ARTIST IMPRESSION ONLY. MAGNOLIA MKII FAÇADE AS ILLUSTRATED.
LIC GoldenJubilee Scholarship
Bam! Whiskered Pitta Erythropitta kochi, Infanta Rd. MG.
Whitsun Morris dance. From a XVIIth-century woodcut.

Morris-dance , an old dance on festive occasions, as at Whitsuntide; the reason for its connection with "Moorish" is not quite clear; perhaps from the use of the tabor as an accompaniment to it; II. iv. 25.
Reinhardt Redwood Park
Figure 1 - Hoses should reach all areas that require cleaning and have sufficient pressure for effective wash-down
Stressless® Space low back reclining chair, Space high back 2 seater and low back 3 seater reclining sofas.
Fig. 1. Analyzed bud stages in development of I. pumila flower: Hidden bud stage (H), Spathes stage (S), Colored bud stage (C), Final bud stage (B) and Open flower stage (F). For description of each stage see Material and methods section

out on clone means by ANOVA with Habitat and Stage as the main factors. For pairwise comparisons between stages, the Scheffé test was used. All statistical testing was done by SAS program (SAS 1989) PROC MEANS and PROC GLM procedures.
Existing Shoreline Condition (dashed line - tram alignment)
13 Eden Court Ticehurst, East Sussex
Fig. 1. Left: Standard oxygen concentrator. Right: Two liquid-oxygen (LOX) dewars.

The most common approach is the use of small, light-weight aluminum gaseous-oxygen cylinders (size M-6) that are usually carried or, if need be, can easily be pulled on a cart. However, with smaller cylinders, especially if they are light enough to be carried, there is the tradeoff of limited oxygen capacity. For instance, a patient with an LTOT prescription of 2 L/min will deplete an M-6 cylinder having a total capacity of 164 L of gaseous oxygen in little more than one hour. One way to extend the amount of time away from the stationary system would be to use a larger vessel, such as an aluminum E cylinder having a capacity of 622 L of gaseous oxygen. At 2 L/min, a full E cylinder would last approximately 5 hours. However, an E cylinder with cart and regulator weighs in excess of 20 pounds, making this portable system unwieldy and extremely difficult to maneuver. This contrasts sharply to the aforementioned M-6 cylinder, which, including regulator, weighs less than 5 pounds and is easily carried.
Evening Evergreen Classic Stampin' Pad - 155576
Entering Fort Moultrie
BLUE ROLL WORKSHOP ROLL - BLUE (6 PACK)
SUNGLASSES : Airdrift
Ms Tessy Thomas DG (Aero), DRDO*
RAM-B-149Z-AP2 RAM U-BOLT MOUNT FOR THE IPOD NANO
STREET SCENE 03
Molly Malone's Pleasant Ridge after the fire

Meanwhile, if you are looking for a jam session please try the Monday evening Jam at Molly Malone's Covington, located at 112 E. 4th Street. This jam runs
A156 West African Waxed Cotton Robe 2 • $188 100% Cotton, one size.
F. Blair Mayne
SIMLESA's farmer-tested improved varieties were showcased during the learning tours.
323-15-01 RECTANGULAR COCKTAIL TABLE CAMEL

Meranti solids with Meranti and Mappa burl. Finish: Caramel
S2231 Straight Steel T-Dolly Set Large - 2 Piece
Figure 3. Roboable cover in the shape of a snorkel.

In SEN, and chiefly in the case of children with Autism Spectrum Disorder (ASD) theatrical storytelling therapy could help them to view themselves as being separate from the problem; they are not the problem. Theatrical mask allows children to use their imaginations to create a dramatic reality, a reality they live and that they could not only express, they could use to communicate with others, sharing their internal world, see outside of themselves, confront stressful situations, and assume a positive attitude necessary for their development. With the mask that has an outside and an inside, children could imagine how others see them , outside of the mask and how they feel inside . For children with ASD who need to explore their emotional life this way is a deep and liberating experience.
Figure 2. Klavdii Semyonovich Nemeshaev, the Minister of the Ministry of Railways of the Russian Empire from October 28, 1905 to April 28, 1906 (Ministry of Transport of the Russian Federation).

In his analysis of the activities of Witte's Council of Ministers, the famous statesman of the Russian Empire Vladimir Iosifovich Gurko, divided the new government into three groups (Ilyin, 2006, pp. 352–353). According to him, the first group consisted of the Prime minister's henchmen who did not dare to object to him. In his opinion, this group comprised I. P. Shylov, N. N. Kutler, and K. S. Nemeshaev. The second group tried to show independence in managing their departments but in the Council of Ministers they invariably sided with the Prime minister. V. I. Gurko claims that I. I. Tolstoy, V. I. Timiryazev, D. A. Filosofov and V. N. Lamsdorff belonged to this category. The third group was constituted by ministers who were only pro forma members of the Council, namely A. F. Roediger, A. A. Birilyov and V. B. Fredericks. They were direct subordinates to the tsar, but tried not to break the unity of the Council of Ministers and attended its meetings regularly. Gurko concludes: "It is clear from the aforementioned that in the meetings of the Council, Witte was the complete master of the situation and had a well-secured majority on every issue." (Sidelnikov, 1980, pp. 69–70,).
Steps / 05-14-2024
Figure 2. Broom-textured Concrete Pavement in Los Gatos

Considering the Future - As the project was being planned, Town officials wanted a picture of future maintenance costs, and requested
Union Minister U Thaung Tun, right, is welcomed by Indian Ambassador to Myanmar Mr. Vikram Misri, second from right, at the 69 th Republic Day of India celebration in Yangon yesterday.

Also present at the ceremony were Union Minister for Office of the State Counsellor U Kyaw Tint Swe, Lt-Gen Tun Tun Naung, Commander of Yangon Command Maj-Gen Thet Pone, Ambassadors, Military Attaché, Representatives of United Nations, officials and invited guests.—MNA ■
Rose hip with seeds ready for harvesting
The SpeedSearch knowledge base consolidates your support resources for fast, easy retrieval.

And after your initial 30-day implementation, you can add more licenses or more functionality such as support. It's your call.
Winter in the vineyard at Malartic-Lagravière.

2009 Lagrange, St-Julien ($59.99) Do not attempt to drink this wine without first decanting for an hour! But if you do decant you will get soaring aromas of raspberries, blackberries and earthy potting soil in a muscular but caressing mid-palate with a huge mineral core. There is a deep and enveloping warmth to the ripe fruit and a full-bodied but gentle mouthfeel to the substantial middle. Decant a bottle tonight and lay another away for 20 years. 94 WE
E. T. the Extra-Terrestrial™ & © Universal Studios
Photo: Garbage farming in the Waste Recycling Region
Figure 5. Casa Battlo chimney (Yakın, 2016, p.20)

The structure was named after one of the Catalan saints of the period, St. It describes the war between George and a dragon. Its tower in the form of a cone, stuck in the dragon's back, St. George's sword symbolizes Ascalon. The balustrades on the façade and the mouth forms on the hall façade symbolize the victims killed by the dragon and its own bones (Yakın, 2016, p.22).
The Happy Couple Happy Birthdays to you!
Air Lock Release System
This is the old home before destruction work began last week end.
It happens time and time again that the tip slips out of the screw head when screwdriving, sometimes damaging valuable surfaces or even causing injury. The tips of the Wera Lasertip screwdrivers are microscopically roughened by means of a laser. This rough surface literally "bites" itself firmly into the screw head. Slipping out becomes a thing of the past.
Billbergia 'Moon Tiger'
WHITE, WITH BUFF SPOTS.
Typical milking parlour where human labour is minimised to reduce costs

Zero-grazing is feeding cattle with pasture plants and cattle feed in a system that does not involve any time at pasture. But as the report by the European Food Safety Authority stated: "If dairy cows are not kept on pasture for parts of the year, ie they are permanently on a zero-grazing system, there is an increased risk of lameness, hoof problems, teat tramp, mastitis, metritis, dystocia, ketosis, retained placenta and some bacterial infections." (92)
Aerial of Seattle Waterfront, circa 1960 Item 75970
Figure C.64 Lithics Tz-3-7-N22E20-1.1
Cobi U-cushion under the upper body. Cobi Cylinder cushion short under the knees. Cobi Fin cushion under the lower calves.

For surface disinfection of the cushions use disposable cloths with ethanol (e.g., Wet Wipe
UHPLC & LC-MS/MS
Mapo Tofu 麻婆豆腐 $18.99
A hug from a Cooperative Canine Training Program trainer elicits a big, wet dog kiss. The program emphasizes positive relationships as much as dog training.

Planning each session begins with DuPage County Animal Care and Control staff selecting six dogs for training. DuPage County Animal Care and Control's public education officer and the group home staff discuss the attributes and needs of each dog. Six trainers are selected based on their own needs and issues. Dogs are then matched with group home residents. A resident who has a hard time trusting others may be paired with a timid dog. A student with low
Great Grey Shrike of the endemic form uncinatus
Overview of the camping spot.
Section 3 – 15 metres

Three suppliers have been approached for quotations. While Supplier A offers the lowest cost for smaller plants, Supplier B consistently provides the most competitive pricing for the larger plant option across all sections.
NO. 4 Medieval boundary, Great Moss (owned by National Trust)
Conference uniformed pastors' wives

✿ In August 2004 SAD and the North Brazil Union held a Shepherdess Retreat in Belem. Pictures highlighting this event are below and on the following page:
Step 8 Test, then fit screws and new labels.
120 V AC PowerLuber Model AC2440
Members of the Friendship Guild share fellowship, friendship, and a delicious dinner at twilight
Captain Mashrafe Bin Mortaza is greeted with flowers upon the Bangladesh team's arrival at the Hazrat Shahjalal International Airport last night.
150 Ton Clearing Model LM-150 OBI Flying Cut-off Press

• What needs to be done:
Copy each line holding "home" from the material above.

• Response to the task:
This is the old home before destruction work began last week end.
Planning each session begins with DuPage County Animal Care and Control staff selecting six dogs for training. DuPage County Animal Care and Control's public education officer and the group home staff discuss the attributes and needs of each dog. Six trainers are selected based on their own needs and issues. Dogs are then matched with group home residents. A resident who has a hard time trusting others may be paired with a timid dog. A student with low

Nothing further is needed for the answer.